General election: Labour could delay Brexit if MPs reject deal with EU leaders

Brexit spokesman Sir Keir Starmer attacks Theresa May's 'weak bargaining position', saying: 'She may be clear, but she is rigid and she is reckless'

Rob Merrick
Deputy Political Editor
Tuesday 25 April 2017 09:16 BST
Sir Keir Starmer, the shadow Brexit Secretary
Sir Keir Starmer, the shadow Brexit Secretary

Labour has dangled the possibility of delaying Brexit if the exit deal negotiated with EU leaders is rejected by MPs.

Sir Keir Starmer, the shadow Brexit Secretary, said a Labour prime minister would then – unlike Theresa May – “go back to the negotiating table” to try to strike better withdrawal terms.

Asked if that would mean the UK staying in the EU past the March 2019 exit date, while the negotiations continue, Sir Keir replied: “We have to get the best deal we can.

“We are talking about the tail-end of 2018. We would have a vote and we would go back to the negotiating table. That is the position that we want to adopt.”

Sir Keir attacked Ms May’s refusal to return to Brussels if her exit terms are rejected by MPs as a stubborn refusal “for the sake of my country to go back and renegotiate”.

However, it will not be possible to delay Brexit beyond the two-year timetable set out in the Article 50 withdrawal process without the agreement of other EU leaders and the European Parliament.

They have sent out mixed messages about allowing Britain to rethink – with some hints dropped that an attempt to delay would result in a tougher negotiating stance in Brussels.

Sir Keir is attempting today to clarify Labour’s confused Brexit stance, by insisting it would make access to the single market – not ending freedom of movement – its key objective in the talks.

He will commit the party to tearing up the Conservatives’ White Paper and Great Repeal Bill and replacing it with legislation safeguarding workers' rights, consumer protections and environmental standards.

Labour will also promise that the rights of EU nationals living in Britain would be guaranteed on the first day of a Jeremy Corbyn-led government.

The party insists it accepts last year's referendum result and does not want to overturn it, but is offering a less-damaging alternative to Ms May’s hard Brexit.

It would give top priority to retaining the benefits of the single market and the customs union – both of which the Conservatives have vowed to walk away from.

Speaking on BBC Radio 4’s Today programme, Sir Keir said: “We accept that unchanged single market membership is not a viable option, but we would want to leave the options on the table.”

He attacked Ms May for closing down her options, adding: “That leaves her in a weak bargaining position.

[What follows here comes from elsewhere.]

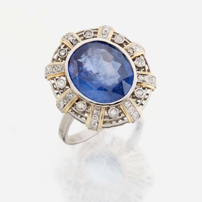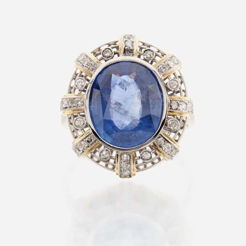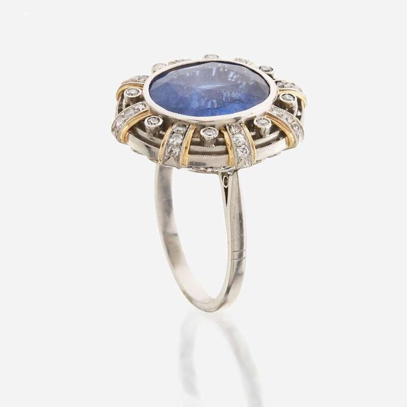 centering a bezel-set oval-cut sapphire weighing approximately 6.50 carats, surrounded by single-cut diamonds mounted in platinum with 18K gold accents, on open work setting.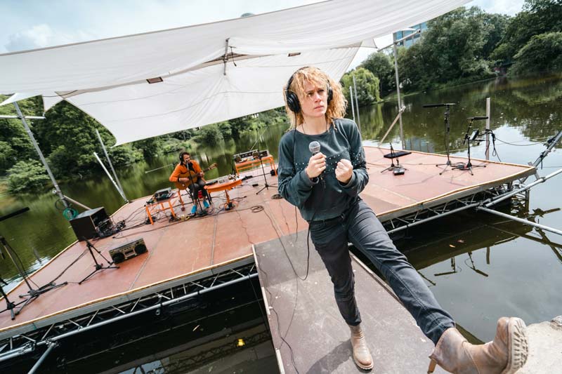 Katharina Andes designs the festival venues for asphalt and marks the performance spaces in the cityscape with artistic works. In her installations, the artist weaves together architecture and textiles, clothing and space in particular.

She may be clear, but she is rigid and she is reckless.”

However – crucially – Labour has not explained its stance on ending freedom of movement, to limit immigration, which the EU has insisted cannot happen with full single market access.

Last night, Lord Mandelson laid bare Labour’s problems when, asked on BBC’s Newsnight programme what the party’s Brexit strategy was, replied: “Search me”.

The Liberal Democrats said Sir Keir had “torpedoed” the launch of Labour’s Brexit blueprint, which was an attempt to mask its support for the Tories’ strategy.

“For all Keir Starmer’s warm words on Europe, when it comes down to it he backs the Conservative hard Brexit agenda,” said Alistair Carmichael, a Lib Dem MP.